Work order:
The answer should match the entries below word for word, minus their pictures.

Excerpts from a dataset:
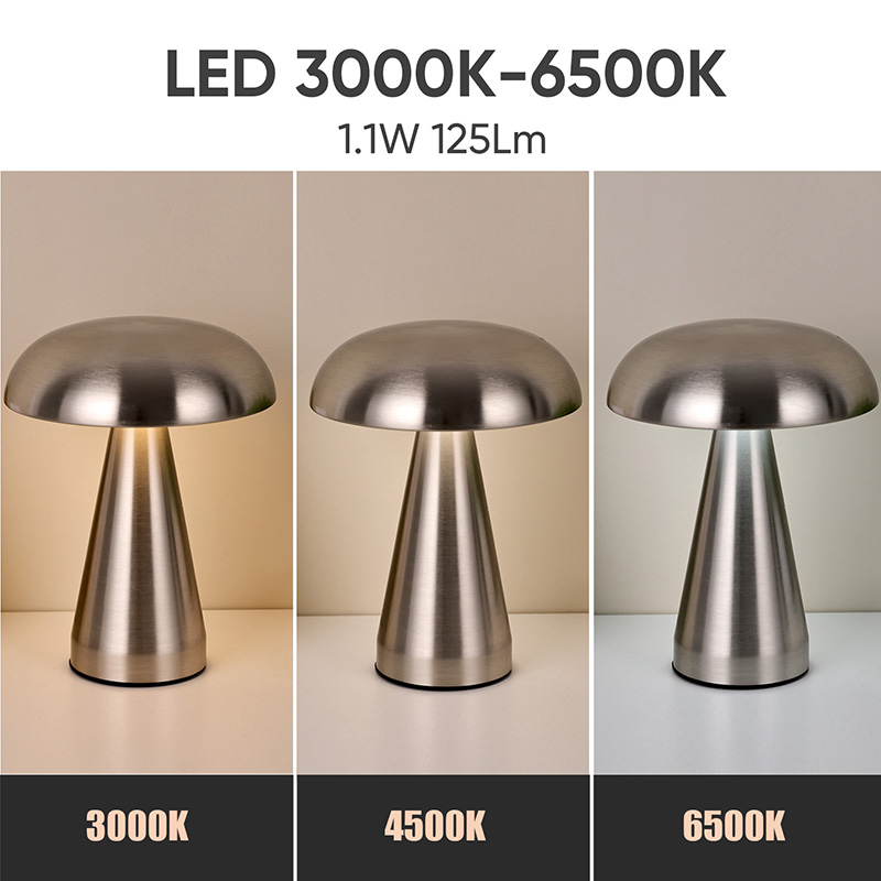Metal osoak Led mahaiko lanpara perretxiko itzalarekin 3000K (argi epela) 4500K (argi naturala) 6500K (argi zuria) 3 argi kolore aldaketa ditu
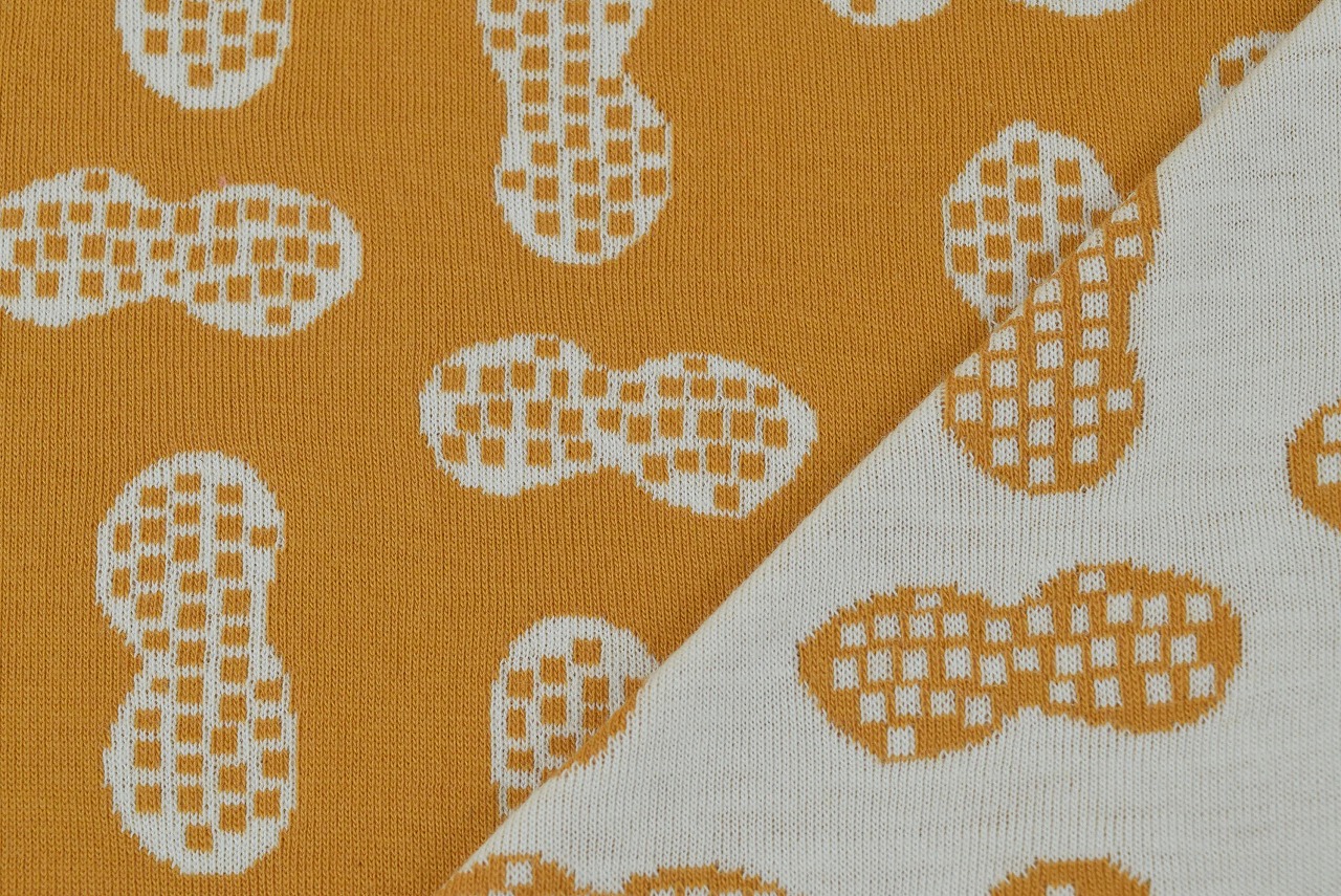 リバーシブルジャガードニット生地 ピーナッツ柄         色:コニャック/アイボリー
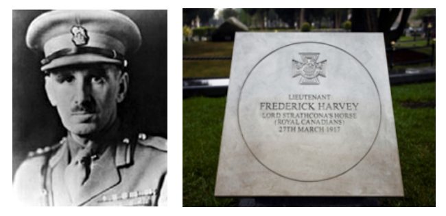 Lieutenant Harvey received the Military Cross for his role in the Lord Strathcona’s Horse advance on Moreuil Wood on 30 March 1918, and was also awarded the French Croix de Guerre. He was later awarded a CBE and his Victoria Cross is displayed at the Museum of the Regiments.
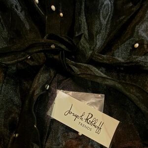 Perfect for holiday parties, NYE, or date nights. Smoke-free home. Bundle & save! 🥂 #JosephRibkoff #SheerBlouse #PearlEmbellished #BellSleeves #HolidayGlam
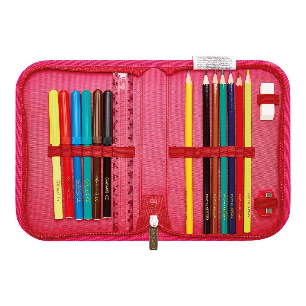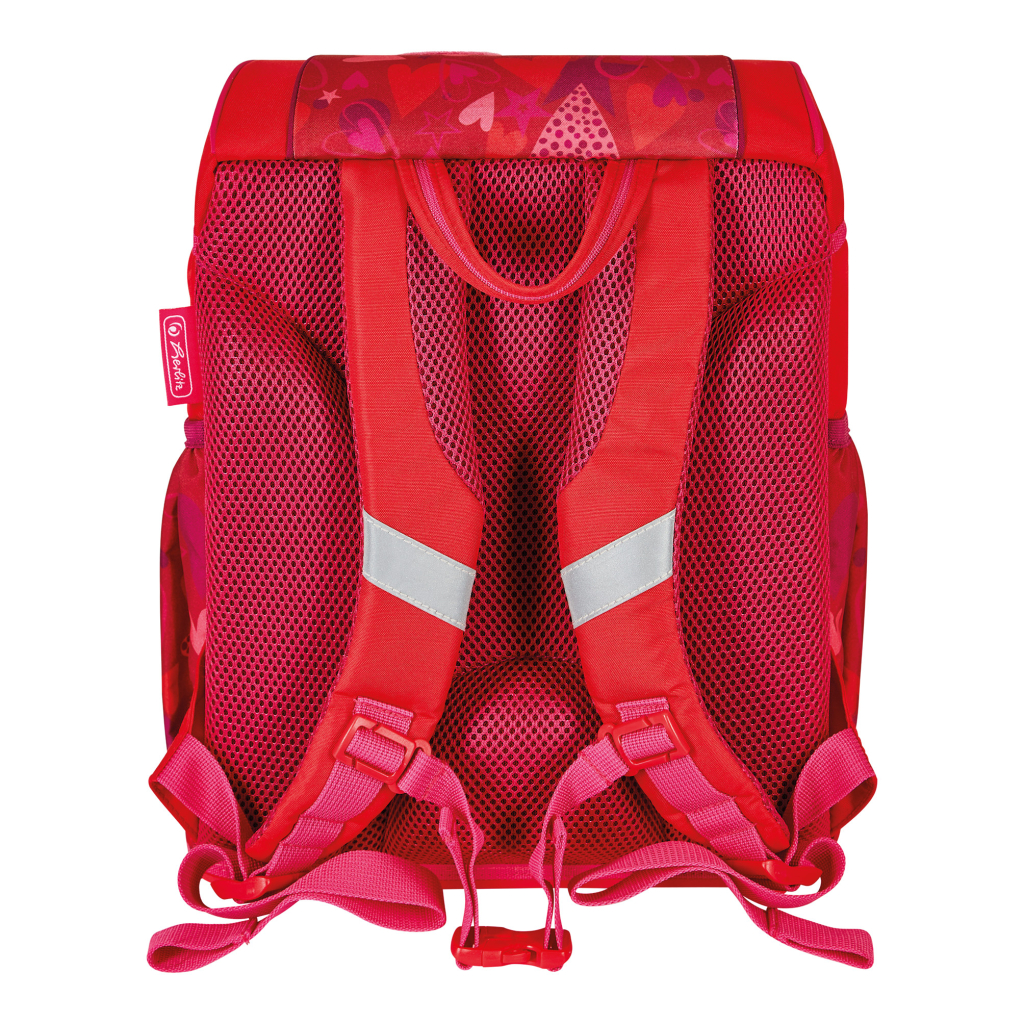 36 x 28 x 21 cm, anatomicky tvarovaná polstrovaná prodyšná záda, široké nastavitelné ramenní popruhy, hrudní popruh, přední kapsa na zip, dvě boční kapsy s elastickými pásky, reflexní pruhy Oralite, 2 odznáčky na suchý zip, stabilní spodní deska s nožičkami, zavírání Click lock s odrazkou, hmotnost 750 g, Objem: 15l, voděodolná, bez PVC, výbava: penál 16 dílů: 6 fix, 6 pastelek, tužka, ořezávátko, guma, pravítko, sáček na cvičky, kulaté pouzdro
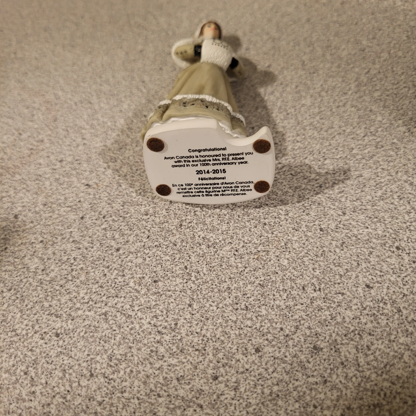 This is an Avon 100th anniversary figurine. It appears to be in good condition. The bottom of the figurine says it was an exclusive Mrs. R.E. Albee award in our 100th anniversary year, 2014-2015

Result of the exercise:
Metal osoak Led mahaiko lanpara perretxiko itzalarekin 3000K (argi epela) 4500K (argi naturala) 6500K (argi zuria) 3 argi kolore aldaketa ditu
 リバーシブルジャガードニット生地 ピーナッツ柄         色:コニャック/アイボリー
 Lieutenant Harvey received the Military Cross for his role in the Lord Strathcona’s Horse advance on Moreuil Wood on 30 March 1918, and was also awarded the French Croix de Guerre. He was later awarded a CBE and his Victoria Cross is displayed at the Museum of the Regiments.
 Perfect for holiday parties, NYE, or date nights. Smoke-free home. Bundle & save! 🥂 #JosephRibkoff #SheerBlouse #PearlEmbellished #BellSleeves #HolidayGlam
 36 x 28 x 21 cm, anatomicky tvarovaná polstrovaná prodyšná záda, široké nastavitelné ramenní popruhy, hrudní popruh, přední kapsa na zip, dvě boční kapsy s elastickými pásky, reflexní pruhy Oralite, 2 odznáčky na suchý zip, stabilní spodní deska s nožičkami, zavírání Click lock s odrazkou, hmotnost 750 g, Objem: 15l, voděodolná, bez PVC, výbava: penál 16 dílů: 6 fix, 6 pastelek, tužka, ořezávátko, guma, pravítko, sáček na cvičky, kulaté pouzdro
 This is an Avon 100th anniversary figurine. It appears to be in good condition. The bottom of the figurine says it was an exclusive Mrs. R.E. Albee award in our 100th anniversary year, 2014-2015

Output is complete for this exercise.